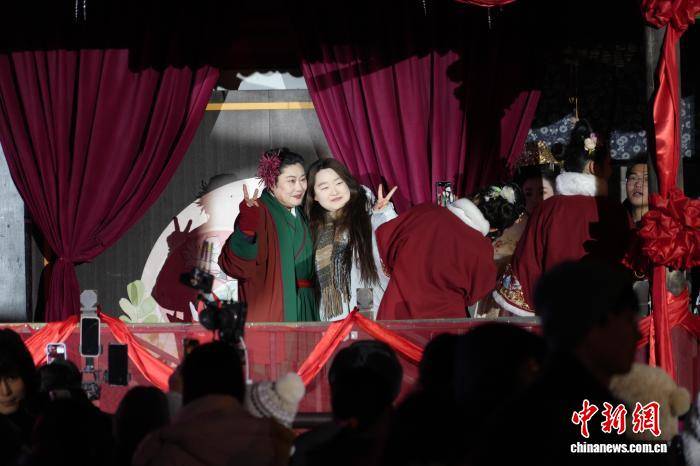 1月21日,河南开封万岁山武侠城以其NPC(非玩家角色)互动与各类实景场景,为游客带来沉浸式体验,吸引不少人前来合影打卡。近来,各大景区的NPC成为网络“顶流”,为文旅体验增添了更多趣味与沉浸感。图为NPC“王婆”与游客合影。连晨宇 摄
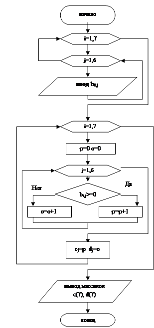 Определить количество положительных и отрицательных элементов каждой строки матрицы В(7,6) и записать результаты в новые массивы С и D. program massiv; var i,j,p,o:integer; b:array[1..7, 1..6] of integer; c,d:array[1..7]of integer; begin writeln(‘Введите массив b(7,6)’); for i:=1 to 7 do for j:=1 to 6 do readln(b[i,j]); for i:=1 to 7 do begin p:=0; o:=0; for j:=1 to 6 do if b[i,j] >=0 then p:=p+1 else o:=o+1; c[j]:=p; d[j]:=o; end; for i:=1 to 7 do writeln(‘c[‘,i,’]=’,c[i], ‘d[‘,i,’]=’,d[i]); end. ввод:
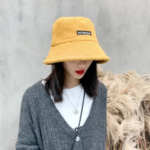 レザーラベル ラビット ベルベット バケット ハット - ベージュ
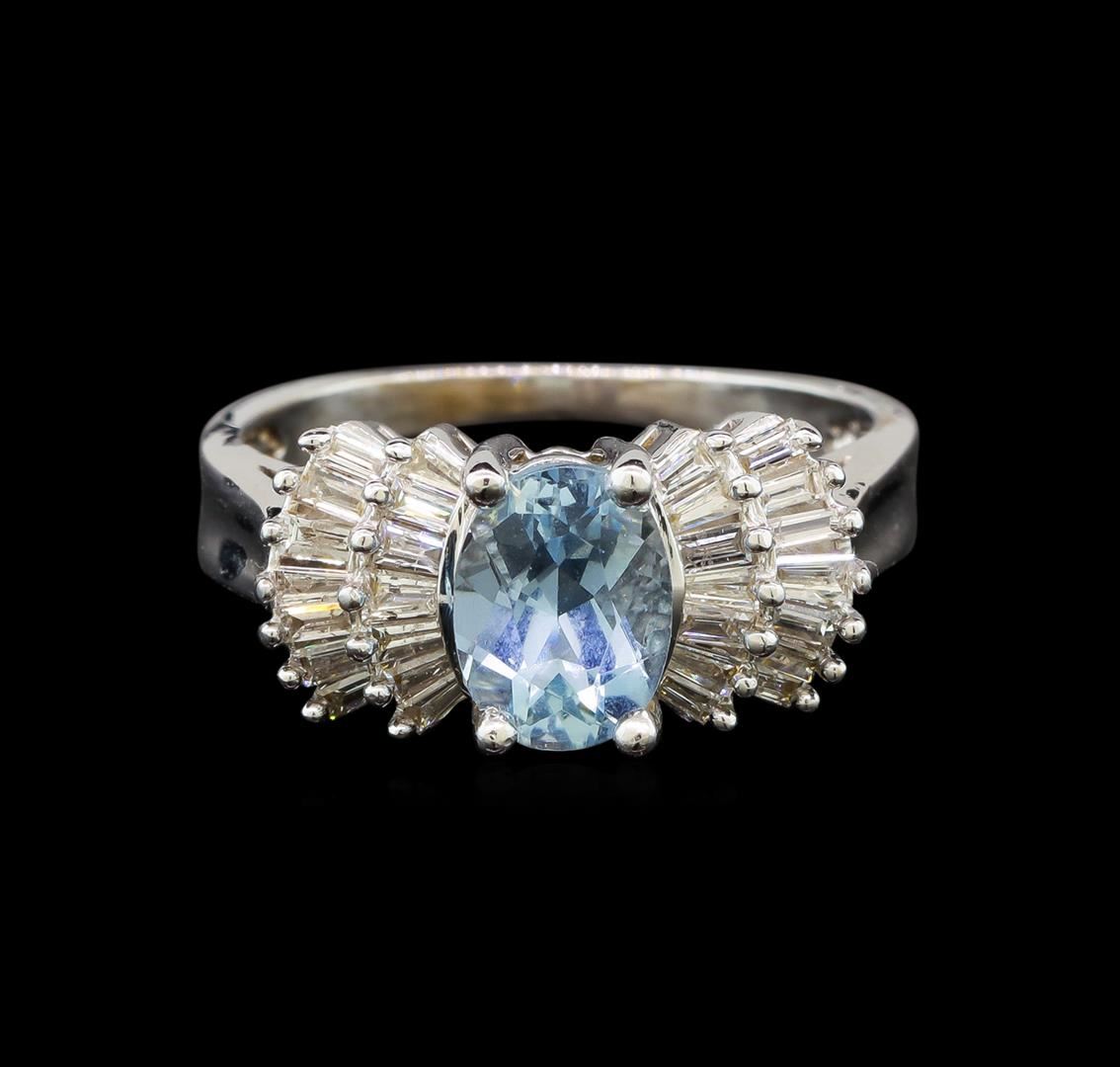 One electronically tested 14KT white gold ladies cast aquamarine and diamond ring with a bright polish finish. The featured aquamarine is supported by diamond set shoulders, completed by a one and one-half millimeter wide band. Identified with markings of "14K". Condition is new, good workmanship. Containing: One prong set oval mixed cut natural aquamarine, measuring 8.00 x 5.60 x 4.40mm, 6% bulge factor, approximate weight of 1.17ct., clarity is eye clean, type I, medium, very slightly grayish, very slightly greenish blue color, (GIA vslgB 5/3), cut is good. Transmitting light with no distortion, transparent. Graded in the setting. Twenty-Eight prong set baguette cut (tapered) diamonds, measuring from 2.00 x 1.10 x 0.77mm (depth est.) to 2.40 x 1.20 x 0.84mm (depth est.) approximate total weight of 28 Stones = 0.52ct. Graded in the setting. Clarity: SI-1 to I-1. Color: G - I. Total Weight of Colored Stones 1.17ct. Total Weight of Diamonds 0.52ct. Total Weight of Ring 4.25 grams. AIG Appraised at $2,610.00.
┄┄┄┄┄┄┄┄┄┄┄┄┄┄┄┄┄┄┄┄
> [Exercise description]:
Copy exactly the lines that run from the line containing "レザーラベル ラビット ベルベット バケット ハット - ベージュ" to the end of the data above, keeping both end lines and leaving out all pictures.

> [Answer area]:
 レザーラベル ラビット ベルベット バケット ハット - ベージュ
 One electronically tested 14KT white gold ladies cast aquamarine and diamond ring with a bright polish finish. The featured aquamarine is supported by diamond set shoulders, completed by a one and one-half millimeter wide band. Identified with markings of "14K". Condition is new, good workmanship. Containing: One prong set oval mixed cut natural aquamarine, measuring 8.00 x 5.60 x 4.40mm, 6% bulge factor, approximate weight of 1.17ct., clarity is eye clean, type I, medium, very slightly grayish, very slightly greenish blue color, (GIA vslgB 5/3), cut is good. Transmitting light with no distortion, transparent. Graded in the setting. Twenty-Eight prong set baguette cut (tapered) diamonds, measuring from 2.00 x 1.10 x 0.77mm (depth est.) to 2.40 x 1.20 x 0.84mm (depth est.) approximate total weight of 28 Stones = 0.52ct. Graded in the setting. Clarity: SI-1 to I-1. Color: G - I. Total Weight of Colored Stones 1.17ct. Total Weight of Diamonds 0.52ct. Total Weight of Ring 4.25 grams. AIG Appraised at $2,610.00.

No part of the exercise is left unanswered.